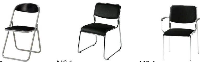
CR-5 MC-1 MC-4
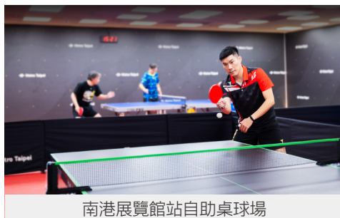
南港展覽館站自助桌球場
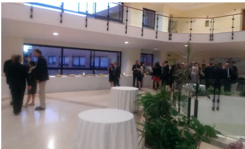
歡迎酒會會場--羅馬歐洲大學三樓中庭
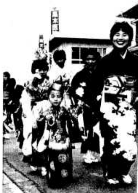
かわいい稚児行列

市内臨本西徳寺の稚児行列が十一月十八日行われ、沿道は華かなふんいきにつつまれました。お寺発足百年祭として行われ、昭和四十九年以来十年ぶりの稚児行列。
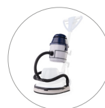
Gruppo aspirante (optional)
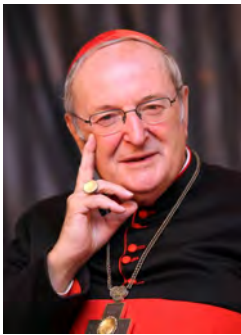
Joachim Kardinal Meisner, emeritierter Erzbischof von Köln

Mein Lieblingslied im neuen Gotteslob ist „Segne du, Maria, segne mich, dein Kind“ (535). Es ist – das habe ich mir sagen lassen – das am meisten gewünschte Lied im neuen Gotteslob. Meine Liebe zu dem Lied hängt mit
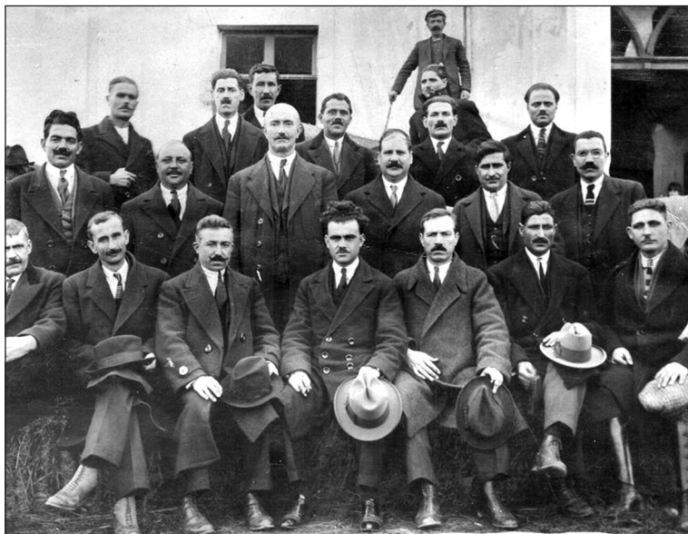
Οι επαγγελματίες του Λαγκαδά.

μνήμη μου οι διαδηλώσεις στον Λαγκαδά, για την εκλογή Δημάρχου, επειδή τότε ο Δήμαρχος δεν εκλέγονταν από τον λαό αλλά από το Δημοτικό Συμβούλιο και ο τότε μειοψηφίας στις εκλογές, κατάφερε να εκλεγεί Δήμαρχος, εξαγοράζοντας προφανώς τους συμβούλους της πλειοψηφίας. Επειδή δε την ώρα που πήγαιναν για την εκλογική διαδικασία, κέρασε τους συμβούλους από μία καραμέλα, (όντας μπακάλης στο επάγγελμα) το σύνθημα που επικράτησε στις διαδηλώσεις ήταν «ο Ιούδας με το φίλημα κι' αυτός με καραμέλα». Οι εφημερίδες της εποχής αναφέρουν πολλά περιστατικά για την εποχή αυτή, και για τους θερμόαιμους Λαγκαδιανούς που οδηγήθηκαν στον εισαγγελέα, γιατί έριξαν πέτρες στο σπίτι του Δημάρχου και η
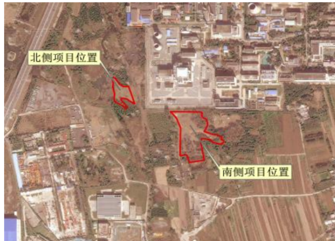
图1 拟建场地地理位置示意图

该项目场地位于房山区阎村镇北坊村西北，北京市房山区新镇中国原子能研究院西南侧，具体位置参见下图1《拟建场地地理位置示意图》。
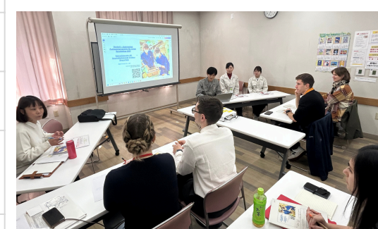
働き方について若手社員との意見交換
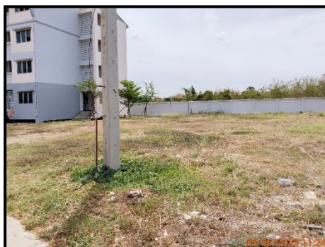
พื้นที่สำหรับพัฒนาในอนาคต
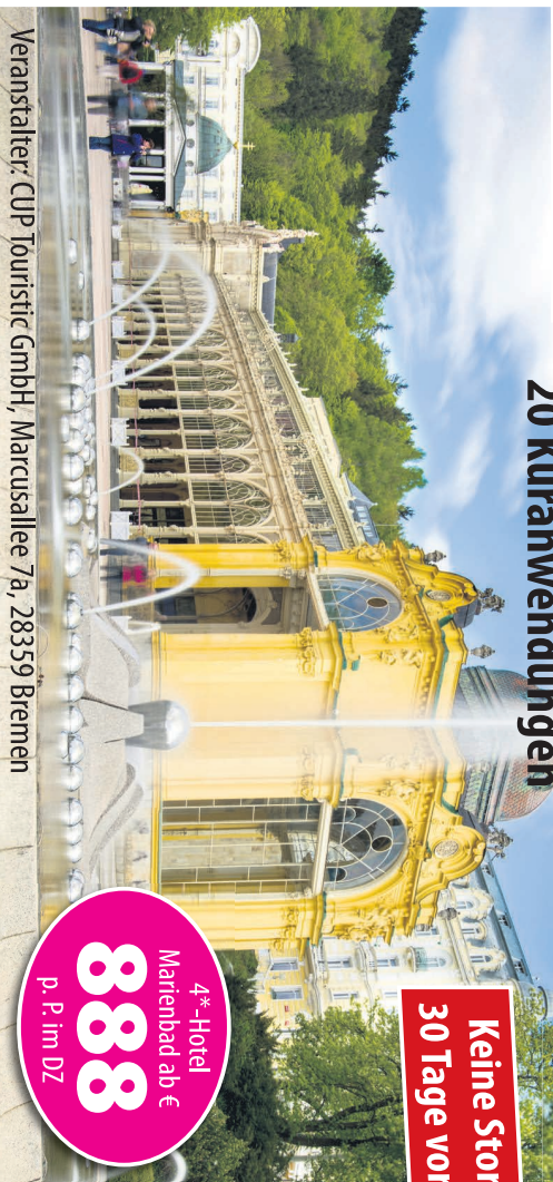
Veranstalter: CUP Touristic GmbH, Marcusallee 7a, 28359 Bremen

Keine Stornokosten bis 30 Tage vor Reisebeginn!
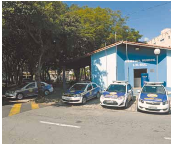
Fachada - Em frente à inspetoria havia ontem quatro carros e duas motos
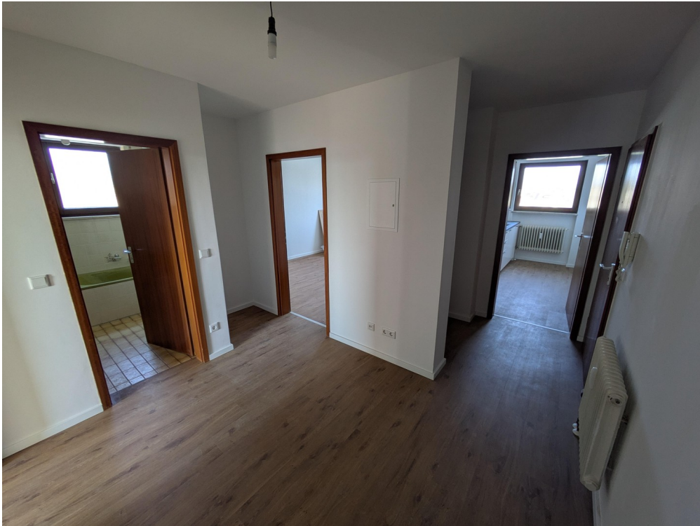
Flur Blick 1
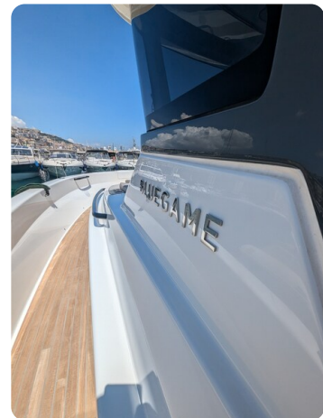
Bluegame 42 sideways detail
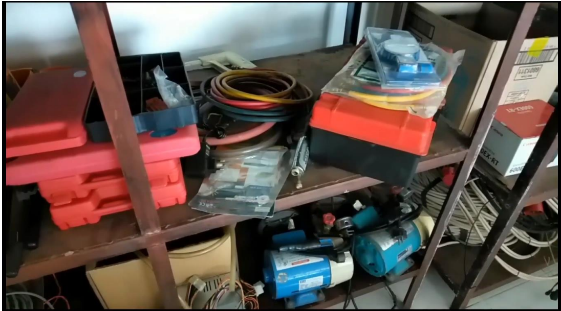
Gambar 9. Menampilkan Alat – Alat Lab Instalasi

* [WORK ITEM]: How many lines in the records above contain the word "拟建场地地理位置示意图"? Answer with the number only.

* [WRITTEN ANSWER]: 2